» **Exercise details**
In the entries that follow, find the line containing "Kırmızı süetten, tokalı" and the line containing "Tiệc Sang Trọng", then copy exactly everything from the first through the second except the pictures.

» **Records supplied**
-- Opening Marker --

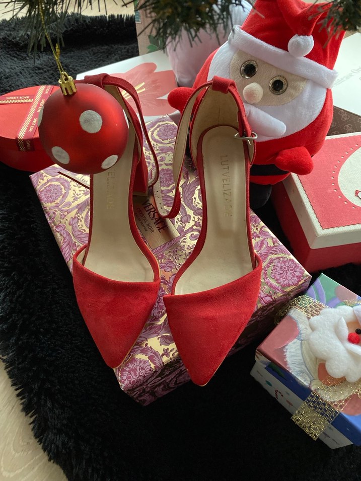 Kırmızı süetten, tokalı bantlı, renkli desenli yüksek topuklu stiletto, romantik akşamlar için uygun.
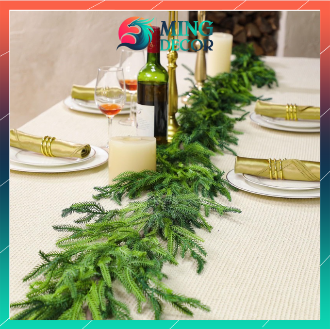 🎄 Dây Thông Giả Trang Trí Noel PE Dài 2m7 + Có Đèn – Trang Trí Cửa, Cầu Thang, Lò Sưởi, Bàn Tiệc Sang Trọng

-- Closing Marker --
-- Opening Marker --

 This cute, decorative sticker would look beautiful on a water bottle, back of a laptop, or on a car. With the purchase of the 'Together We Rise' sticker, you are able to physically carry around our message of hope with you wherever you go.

-- Closing Marker --

» **Reply**
 Kırmızı süetten, tokalı bantlı, renkli desenli yüksek topuklu stiletto, romantik akşamlar için uygun.
 🎄 Dây Thông Giả Trang Trí Noel PE Dài 2m7 + Có Đèn – Trang Trí Cửa, Cầu Thang, Lò Sưởi, Bàn Tiệc Sang Trọng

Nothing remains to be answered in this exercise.